Easy Steps for Good Mouth Care

Good mouth care is important at the end of life or as an illness progresses. Oral health issues are common problems for many older adults, and keeping the mouth clean can help to make your loved one more comfortable and may help increase their appetite. It can also prevent dry mouth, bad breath, infections, and aspiration pneumonia. If your loved one needs help with mouth care (or can’t do it at all), follow these steps.

To Brush Teeth and Clean Mouth

  • Gather supplies. You’ll need:
    • glass of water or alcohol-free mouthwash
    • non-sterile gloves (optional)
    • washcloth (optional)
    • a soft toothbrush or foam swab (do not use lemon glycerin swabs unless instructed, because they can increase dry mouth)
    • non-abrasive toothpaste
    • a small shallow bowl
  • Ensure that your loved one is sitting up, not lying down. (This can cause choking.) If they cannot be upright, it is very important to ask your hospice nurse for special instructions.
  • Explain what you are about to do. If they are able, ask your loved one to take a sip of water to moisten the mouth or use a wet foam swab and gently moisten the mouth and lips.
  • Put on gloves, if you wish.

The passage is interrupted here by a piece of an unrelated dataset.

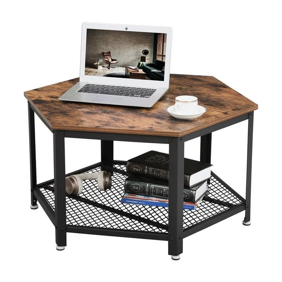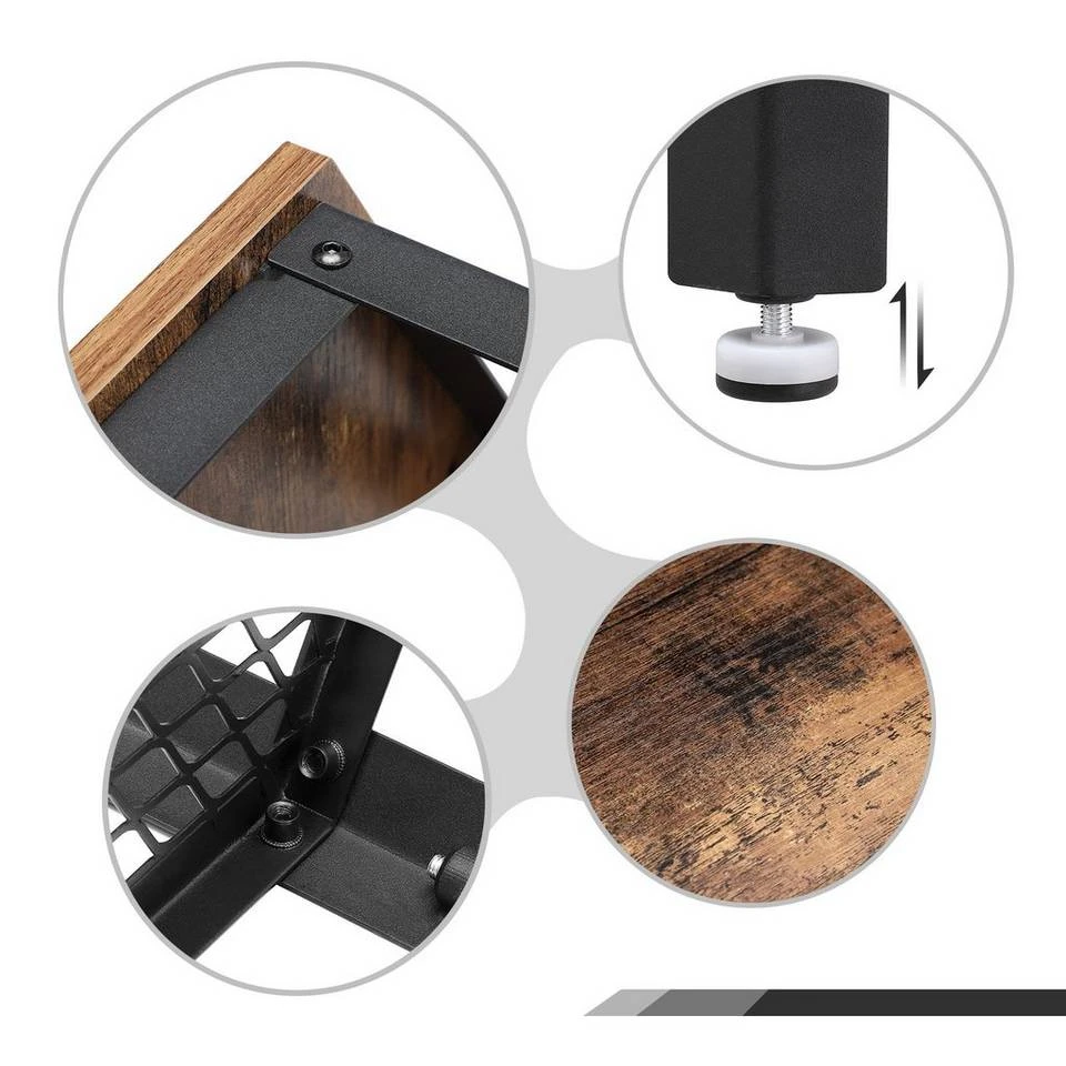 - Das Eisengestell hat jedoch noch lange nicht ausgedient und bietet der Tischplatte stets einen starken Halt; genauso wie der Gitterablage, auf der Sie Ihren Laptop ablegen können

Have a washcloth ready to wipe your loved one’s mouth (let them hold it to use if they are capable).
  • If your loved one wears dentures, remove and clean them. Brush with denture toothpaste using a soft brush. Allow the dentures to soak in water or a denture cleaner until your loved one is ready to wear them again; be sure to brush the dentures again before wearing.
  • Use a soft toothbrush (or foam swab) and a small amount of toothpaste to gently brush the teeth, gums, and tongue. Take care that you don’t put the toothbrush too far in the back of the mouth, as this can cause gagging.
  • If your loved one’s teeth cannot be brushed, use a mouth rinse. Do not use over-the-counter mouth rinses with alcohol because they increase soreness and cause dryness. You can make a mouth rinse by stirring 8 ounces of lukewarm water with ½ teaspoon of baking soda and ¼ teaspoon of salt.
  • Ask your loved one to rinse well and spit in the bowl. They should not swallow toothpaste or mouth rinse.

Preventing Problems

Cracked and dry lips can be painful. Be sure your loved one’s lips are kept moist so they don’t need to lick and increase chapping. If the skin on and around the lips is unbroken, you can use a moisturizer that has an oil base or petroleum jelly. If the lips have open areas, use only moisturizers that are water soluble. Apply the lip moisturizer every two hours or as needed.